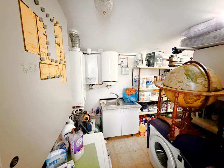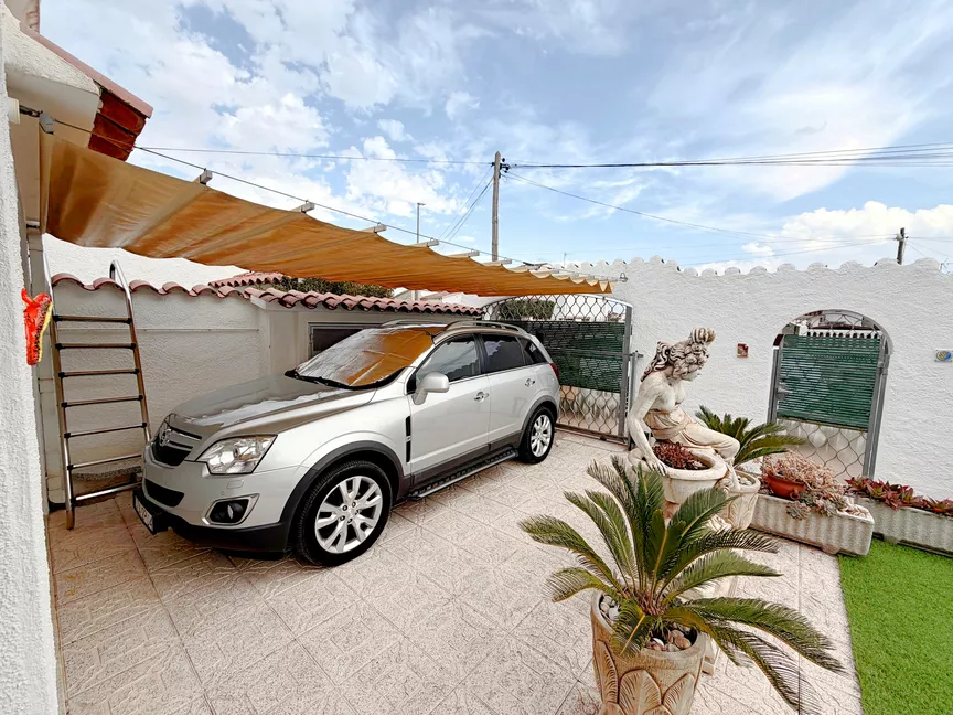 Upon entering, you access a spacious south-facing terrace with a pool and garage. The home includes three large bedrooms, highlighting a master suite, as well as two full bathrooms and a service area for guests. The spacious living room and fully equipped kitchen offer a functional and cozy environment.
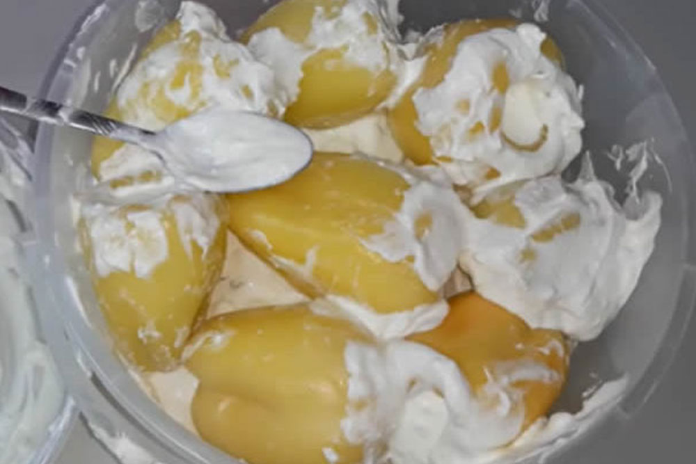 Završite slojem kiselog vrhnja. Ostavite u hladnjaku preko noći da se okusi prožmu, a zatim poslužite. Odlično idu uz kuhani krumpir ili kiflice.
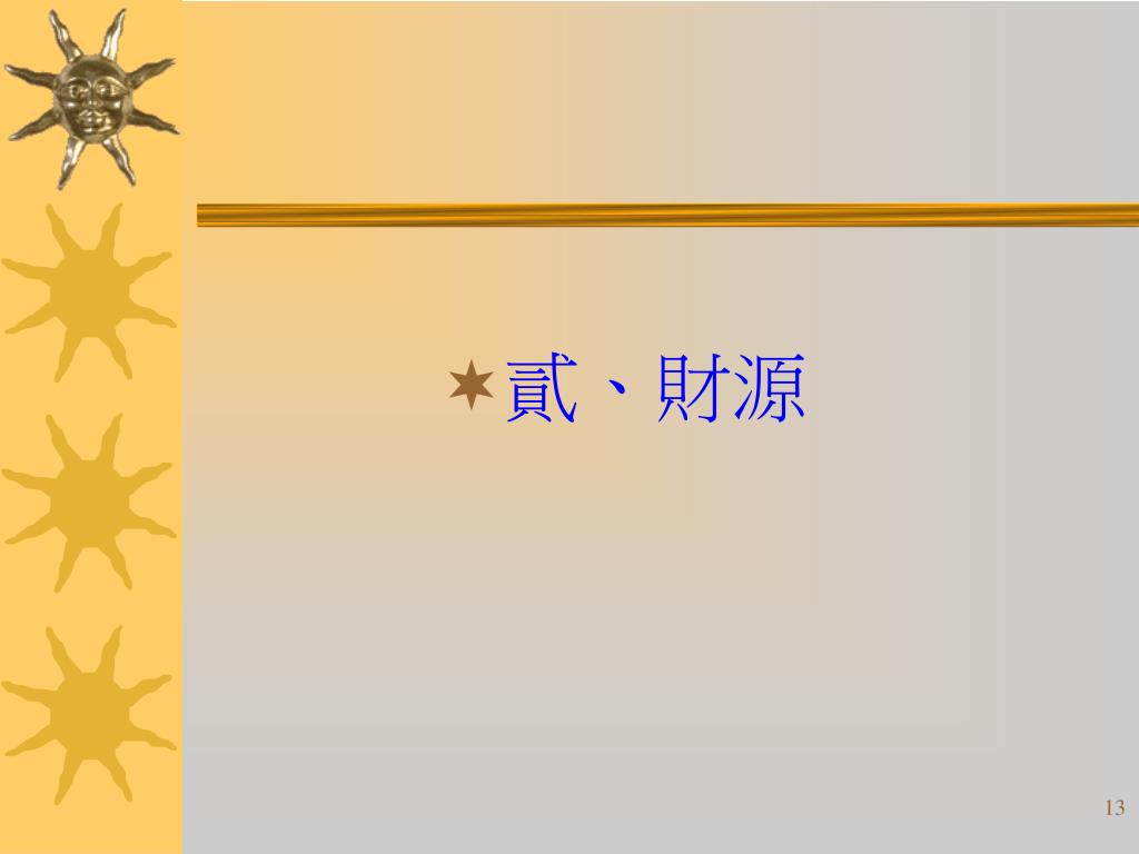 加值型及非加值型營業稅法(95 年 02 月 03 日修正) • 第8條 • 下列貨物或勞務免徵營業稅: • 十二、依法組織之慈善救濟事業標售或義賣之貨物與舉辦之義演,其收入除支付標售、義賣及義演之必要費用外,全部供作該事業本身之用 者。 • 十三、政府機構、公營事業及社會團體,依有關法令組設經營不對外營業之員工福利機構,銷售之貨物或勞務。
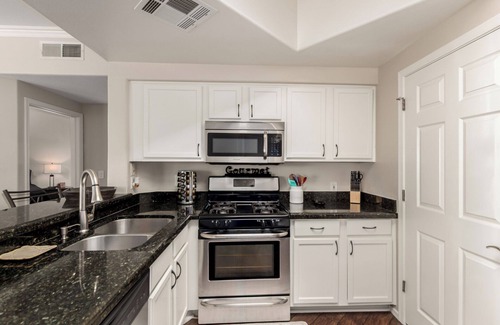 The well equipped kitchen includes stainless steel appliances and updated granite countertops and white cabinets. You will enjoy making dinners, or just grabbing snacks.
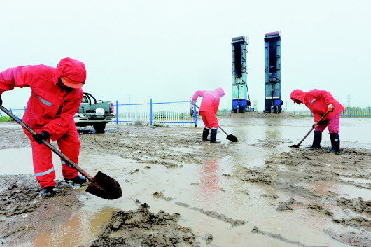 近日,受持续降雨影响,胜利油田河口采油管理四区部分油井井场进井路出现积水现象,严重影响生产车辆通行。401站党员突击队迅速集结,员工群众积极参与,大家携带铁锹、水泵等工具,高效配合确保作业安全有序。经过数小时奋战,井场进井路积水被全部排干,道路恢复畅通。
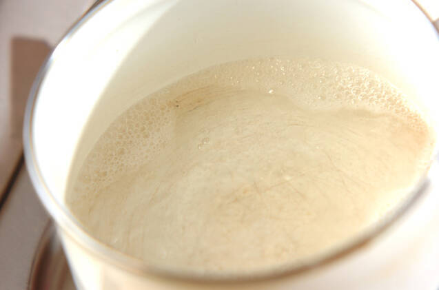 鍋に水200ml、粉寒天を入れ、よく混ぜて強火にかける。煮たったら砂糖を加え、砂糖が溶けたら少し火を弱め、煮たてた状態で1分煮る。
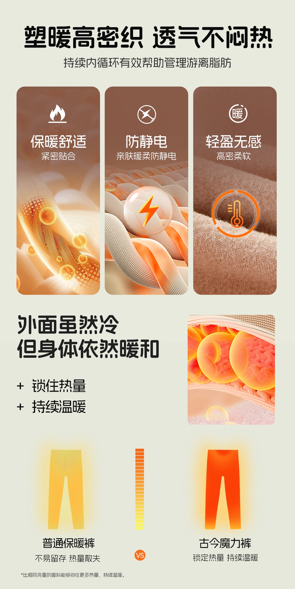 甄选 | 古今保暖裤女磨绒发热秋裤内穿紧身秋冬季加绒棉裤无痕打底裤绒裤
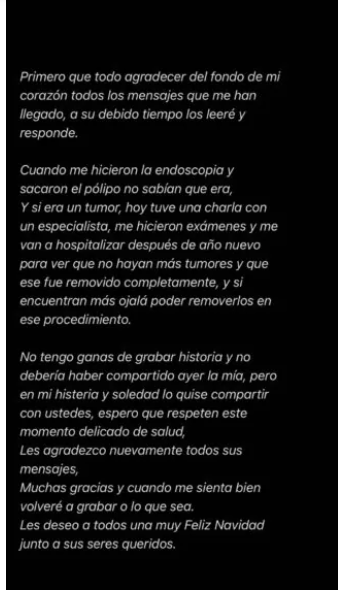 También, reveló que habló con un especialista en el tema quien le detalló más información sobre su caso: “me hicieron exámenes y me van a hospitalizar después de Año Nuevo para ver que no hayan más tumores y que ese fue removido completamente, y si encuentran más, ojalá poder removerlos en ese procedimiento”.
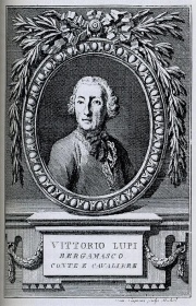 Ritratto a zincografia di Vittorio Lupi inciso dal milanese Domenico Cagnoni come antiporta dell’opuscoletto per le nozze della nipote con il conte Sottocasa (1775)

#### Work order:
What are the lines from the one containing "鍋に水200ml、粉寒天を入" through the end of the records? Write them out exactly, leaving out the pictures.

#### Output of the task:
 鍋に水200ml、粉寒天を入れ、よく混ぜて強火にかける。煮たったら砂糖を加え、砂糖が溶けたら少し火を弱め、煮たてた状態で1分煮る。
 甄选 | 古今保暖裤女磨绒发热秋裤内穿紧身秋冬季加绒棉裤无痕打底裤绒裤
 También, reveló que habló con un especialista en el tema quien le detalló más información sobre su caso: “me hicieron exámenes y me van a hospitalizar después de Año Nuevo para ver que no hayan más tumores y que ese fue removido completamente, y si encuentran más, ojalá poder removerlos en ese procedimiento”.
 Ritratto a zincografia di Vittorio Lupi inciso dal milanese Domenico Cagnoni come antiporta dell’opuscoletto per le nozze della nipote con il conte Sottocasa (1775)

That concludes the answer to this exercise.